Django Migration 源码分析
Django Migration 主要用来自动化地变更数据库的 schema(新增表,新增字段等等),有点类似版本控制系统(git),只是控制的是数据库的 schema,而不是代码。
migration 主要分为两部分:
-
makemigrations
: 基于 models 的变更,来生成新的 migration 文件,存放到各个 app 下的migrations
目录。 -
migrate
: 把 migration 文件应用到数据库,也可以反向取消已应用的变更,类似git revert
主要流程如下图:
下面就从源码层次分析下 Django Migration 系统的内部原理,Django 版本为 v1.11。
Make Migrations
python manage.py makemigrations
该命令通过对比现有的 migration 文件和所有 APP 的 models 字段,根据差异生成新的 migration 文件。
MigrationLoader
代码路径: https://github.com/django/django/blob/stable/1.11.x/django/db/migrations/loader.py#L21
makemigration
首先会实例化一个 MigrationLoader
loader = MigrationLoader(None, ignore_no_migrations=True)
MigrationLoader
在实例化过程中,会通过加载当前项目下所有的 migration 文件来构造出 MigrationGraph
class MigrationLoader(object):
"""
Loads migration files from disk, and their status from the database.
...
"""
def __init__(self, connection, load=True, ignore_no_migrations=False):
...
if load:
self.build_graph()
def build_graph(self):
self.load_disk()
...
self.graph = MigrationGraph()
...
def load_disk(self):
"""
Loads the migrations from all INSTALLED_APPS from disk.
"""
...
MigrationGraph
本质上就是项目里所有 migration 文件的依赖关系图。图中的每一个节点 Node
代表一个 app 下的 migration 文件,例如 ('app_A, '0001_auto_20190822_0806')
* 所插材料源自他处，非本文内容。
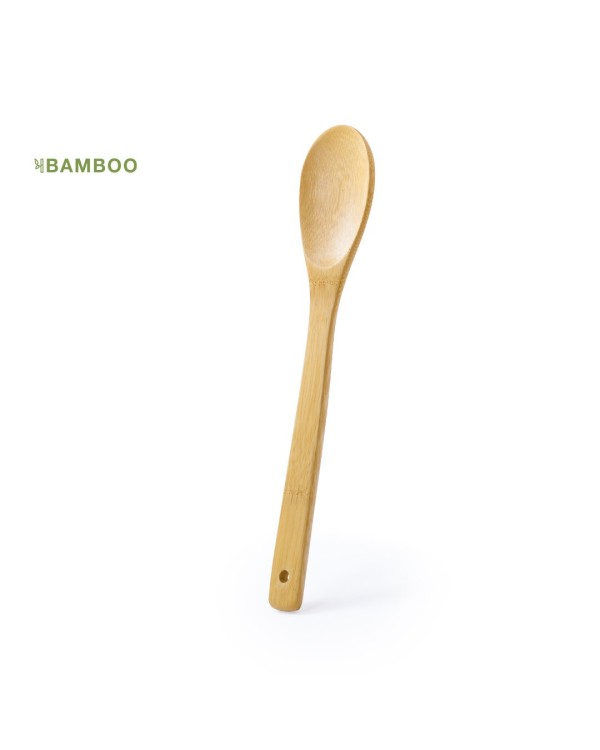 The Selma Spoon, made of bamboo wood, is a practical kitchen utensil that comes in an individual bag with die-cut cardboard reinforcement. It can be personalized with your logo, trademark or product, making it an excellent promotional gift to make your brand visible in every dish that is cooked.

class MigrationGraph(object):
"""
Represents the digraph of all migrations in a project.
...
"""
def __init__(self):
self.node_map = {}
self.nodes = {}
self.cached = False
class Node(object):
"""
A single node in the migration graph. Contains direct links to adjacent
nodes in either direction.
"""
def __init__(self, key):
self.key = key
self.children = set()
self.parents = set()
ProjectState
代码路径: https://github.com/django/django/blob/stable/1.11.x/django/db/migrations/state.py#L88
有了上面的依赖关系图后,就可以推导出整个项目的状态,也就是上一次执行makemigration
时的项目状态,项目状态可以理解为项目里所有APP里的model状态。
# Set up autodetector
autodetector = MigrationAutodetector(
loader.project_state(),
ProjectState.from_apps(apps),
questioner,
)
其中, loader.project_state()
就是通过依赖关系图推导出的项目状态,而ProjectState.from_apps(apps)
是通过app推导出的当前实时的项目状态,把这两个新旧状态传给MigrationAutodetector
,由它来对比出差异。
class MigrationLoader(object):
def project_state(self, nodes=None, at_end=True):
"""
Returns a ProjectState object representing the most recent state
that the migrations we loaded represent.
See graph.make_state for the meaning of "nodes" and "at_end"
"""
return self.graph.make_state(nodes=nodes, at_end=at_end, real_apps=list(self.unmigrated_apps))
在这个函数里,loader没做什么事情,只是通过依赖关系图graph.make_state
来推导状态。
class MigrationGraph(object):
def make_state(self, nodes=None, at_end=True, real_apps=None):
"""
Given a migration node or nodes, returns a complete ProjectState for it.
If at_end is False, returns the state before the migration has run.
If nodes is not provided, returns the overall most current project state.
"""
if nodes is None:
nodes = list(self.leaf_nodes())
if len(nodes) == 0:
return ProjectState()
if not isinstance(nodes[0], tuple):
nodes = [nodes]
plan = []
for node in nodes:
for migration in self.forwards_plan(node):
if migration not in plan:
if not at_end and migration in nodes:
continue
plan.append(migration)
project_state = ProjectState(real_apps=real_apps)
for node in plan:
project_state = self.nodes[node].mutate_state(project_state, preserve=False)
return project_state
make_state
函数其实就做了一件事情,从空的 ProjectState 开始,把当前所有的 migration 应用一遍,这样就导出了对应的项目状态。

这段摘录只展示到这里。